The framework in one paragraph

A model-selection decision is a filter over the current catalogue, not a ranking. Decompose the task into capability requirements along six axes, convert workload volume into latency and monthly cost envelopes, then filter the model catalogue to candidates that satisfy all constraints at 2026-04 published prices. The output is usually a shortlist of two or three. Pick the final winner with a small eval harness against the buyer's own documents, not against a public benchmark. The framework deliberately produces a tier (Haiku-class, Sonnet-class, Opus-class, GPT-5-mini-class, Gemini 2.5 Pro-class) rather than a specific model, because vendor pricing and context windows move quarterly and the tier is the durable decision.

The capability taxonomy

Finance workloads decompose cleanly into six capability axes. Each axis maps to model-family strengths that vendors publish directly. None of the statements below claim a measured accuracy rank; they map task requirement to documented capability.

Extraction fidelity

Pulling specific facts out of a specific document without inventing them. MD&A line items, footnote disclosures, restated GAAP reconciliations, guidance tables. The dominant failure mode is hallucination of a plausible-looking number that is not in the source. Models with strong instruction-following and structured-output modes (Claude Sonnet, GPT-5-mini, Gemini 2.5 Flash) are the documented fit. Cheap tier is often the right answer here because the task is narrow and auditable against the source document.

Long-context reliability

Needle-in-haystack performance over 100k+ token inputs. Relevant to multi-filing peer comparison, full-transcript earnings-call analysis, and disclosure-diff detection across several years of 10-Ks. Anthropic publishes a 200k context window for the Claude 4 family, with a 1M-token beta tier; OpenAI publishes 400k for GPT-5; Google publishes 2M for Gemini 2.5 Pro¹²³. Published window size and published retrieval accuracy at depth are different things, which is exactly why the framework routes this capability to the eval step.

Structured-output adherence

Returning JSON that matches a schema without stray prose, without markdown fences, and without renaming fields.
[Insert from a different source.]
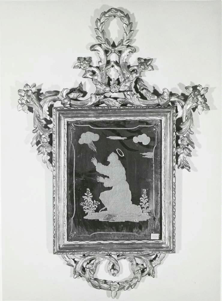 Fotografía de una cornucopia de madera tallada y dorada, formada por un espejo de forma rectangular con la figura de San Antonio de Padua esmerilada, procedente del Museo Cerralbo (Madrid)

Anthropic's tool use, OpenAI's structured outputs, and Google's schema-constrained generation all address this, but published guarantees differ. Tasks that feed structured output into a downstream tabular pipeline (forecast feature extraction, guidance-delta tables) must treat schema adherence as a hard filter, not a nice-to-have.

Reasoning depth

Multi-step chains where an error early in the chain compounds. Price-blind research, multi-quarter guidance-delta analysis, and compliance diff detection sit here. Vendor-published "thinking" or "extended reasoning" modes (Anthropic extended thinking, OpenAI o-series, Gemini 2.5 Pro thinking) are the documented option. These modes trade latency and token spend for chain-of-thought stability. See C3 /articles/thinking-tokens-finance-tasks/ for the dedicated walk-through.

Multilingual

Non-English filings, cross-listed issuer disclosures, and German Jahresabschluss or Geschäftsbericht documents. All three major families publish multilingual support; the meaningful differences are in idiomatic financial phrasing. Finance-specific terminology (IFRS, HGB, US-GAAP reconciliation vocabulary) is where eval harnesses diverge from general multilingual benchmarks.

Vision

Chart extraction, scanned filing OCR, and tables rendered as images rather than HTML. Claude, GPT, and Gemini families all ship native vision on their current flagship tiers. Older cheap tiers sometimes skip vision; verify on the pricing page before routing an image-heavy workload to a Haiku-class endpoint.

How the axes interact

Capability axes do not combine additively. A task that needs long-context reliability and structured-output adherence at the same time is strictly harder than either axis alone, because models that tolerate 400k-token inputs can drift from a JSON schema under positional pressure. A task that needs reasoning depth and multilingual is strictly harder than either alone, because thinking-mode chains in non-English can regress to translationese. The axis list is a checklist for the filter step, not a weighted sum. The eval harness is where axis interaction gets measured on the buyer's own documents.

The ten scenarios

The centerpiece of the framework is a mapping from finance task archetype to recommended model tier. Each row below specifies input size, output size, latency envelope, the recommended tier, the rationale, and an order-of-magnitude monthly cost at 2026-04 published rates. The rates used for the cost column are the Anthropic public pricing for Sonnet 4.6 and Haiku 4.6, OpenAI public pricing for GPT-5 and GPT-5-mini, and Google public pricing for Gemini 2.5 Flash and Pro¹²³. Batch API discounts (50 percent on Anthropic, 50 percent on OpenAI) apply where noted⁴.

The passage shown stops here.